The entries below contain pictures. Write out only the lines from the line with "金島桂華 かなしま-けいか (1892-1974)" up to and including the line with "受此音信影响,英特尔股价周四", exactly, without them.

#### [Raw data]
※

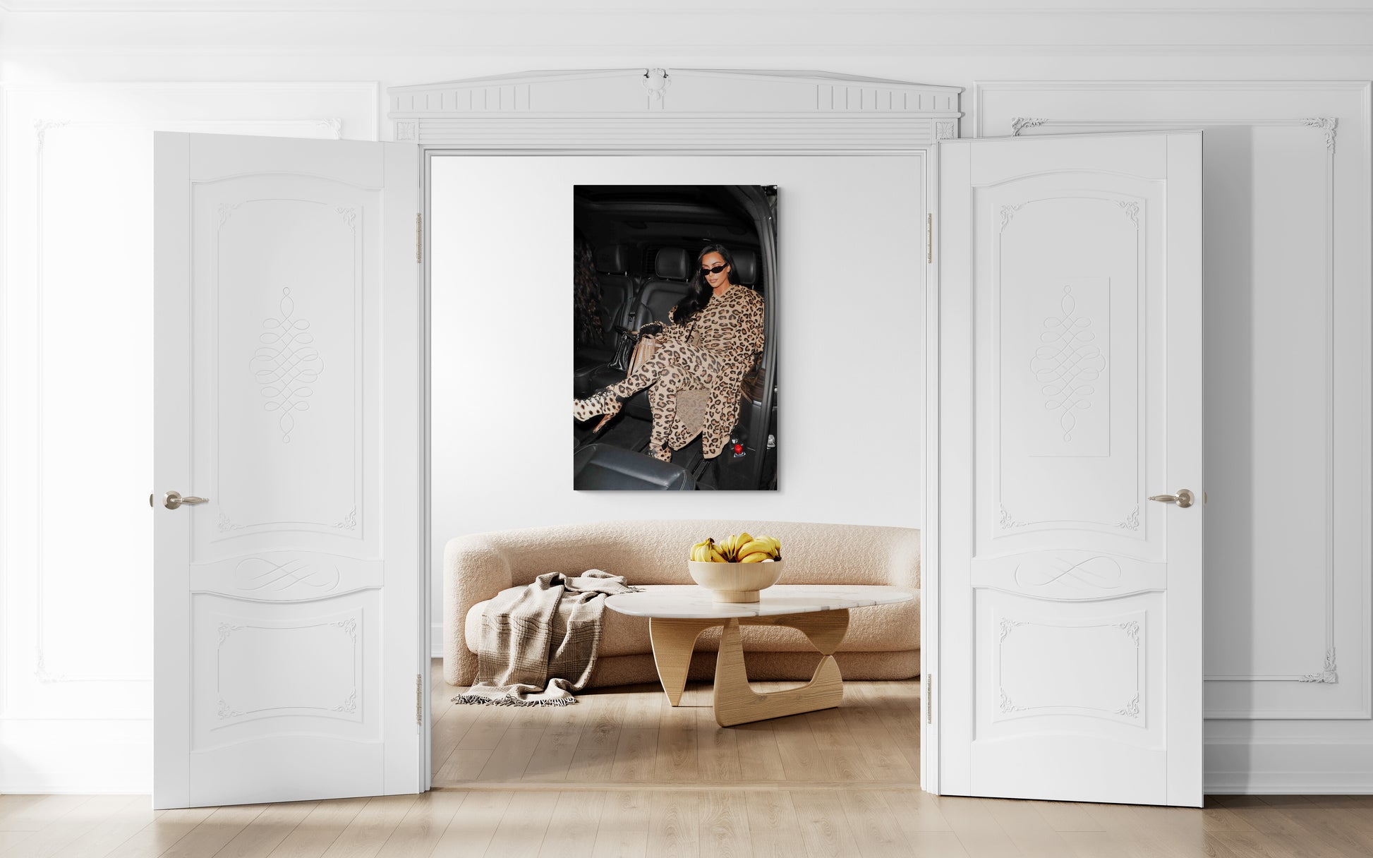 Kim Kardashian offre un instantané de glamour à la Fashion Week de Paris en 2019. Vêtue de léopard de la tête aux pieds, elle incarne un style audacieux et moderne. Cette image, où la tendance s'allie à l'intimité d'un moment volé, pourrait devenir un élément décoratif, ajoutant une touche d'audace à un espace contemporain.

※

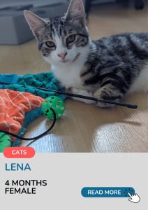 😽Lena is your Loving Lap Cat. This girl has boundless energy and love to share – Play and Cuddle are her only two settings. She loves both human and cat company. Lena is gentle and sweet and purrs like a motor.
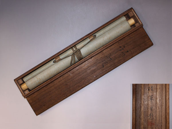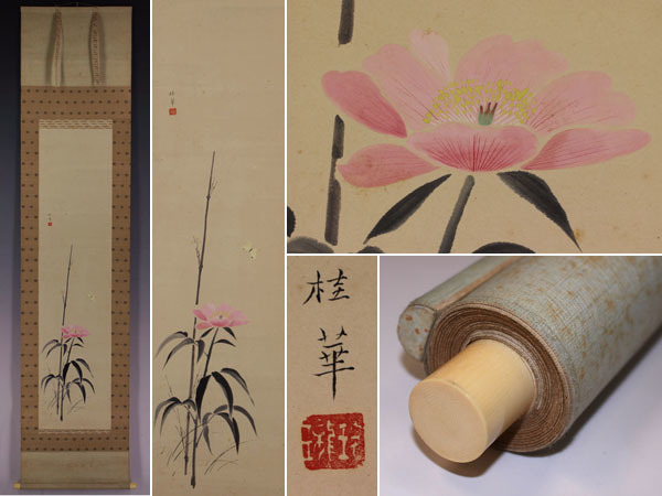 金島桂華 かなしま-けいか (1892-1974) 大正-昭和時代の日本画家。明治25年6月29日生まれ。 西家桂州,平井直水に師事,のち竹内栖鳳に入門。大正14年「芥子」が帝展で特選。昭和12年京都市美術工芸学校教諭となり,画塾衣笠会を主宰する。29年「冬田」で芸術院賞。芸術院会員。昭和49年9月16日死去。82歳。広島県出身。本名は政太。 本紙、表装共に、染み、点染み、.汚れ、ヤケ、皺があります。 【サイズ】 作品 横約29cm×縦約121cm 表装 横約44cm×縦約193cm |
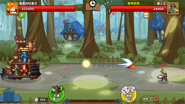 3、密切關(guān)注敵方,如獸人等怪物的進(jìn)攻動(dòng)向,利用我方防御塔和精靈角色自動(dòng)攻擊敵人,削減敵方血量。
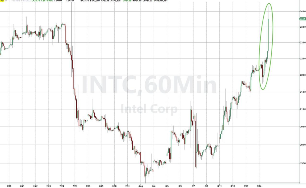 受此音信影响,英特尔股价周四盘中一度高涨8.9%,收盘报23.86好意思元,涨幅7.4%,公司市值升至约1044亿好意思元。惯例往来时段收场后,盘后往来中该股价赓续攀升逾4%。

※

#### [Answer]
 金島桂華 かなしま-けいか (1892-1974) 大正-昭和時代の日本画家。明治25年6月29日生まれ。 西家桂州,平井直水に師事,のち竹内栖鳳に入門。大正14年「芥子」が帝展で特選。昭和12年京都市美術工芸学校教諭となり,画塾衣笠会を主宰する。29年「冬田」で芸術院賞。芸術院会員。昭和49年9月16日死去。82歳。広島県出身。本名は政太。 本紙、表装共に、染み、点染み、.汚れ、ヤケ、皺があります。 【サイズ】 作品 横約29cm×縦約121cm 表装 横約44cm×縦約193cm |
 3、密切關(guān)注敵方,如獸人等怪物的進(jìn)攻動(dòng)向,利用我方防御塔和精靈角色自動(dòng)攻擊敵人,削減敵方血量。
 受此音信影响,英特尔股价周四盘中一度高涨8.9%,收盘报23.86好意思元,涨幅7.4%,公司市值升至约1044亿好意思元。惯例往来时段收场后,盘后往来中该股价赓续攀升逾4%。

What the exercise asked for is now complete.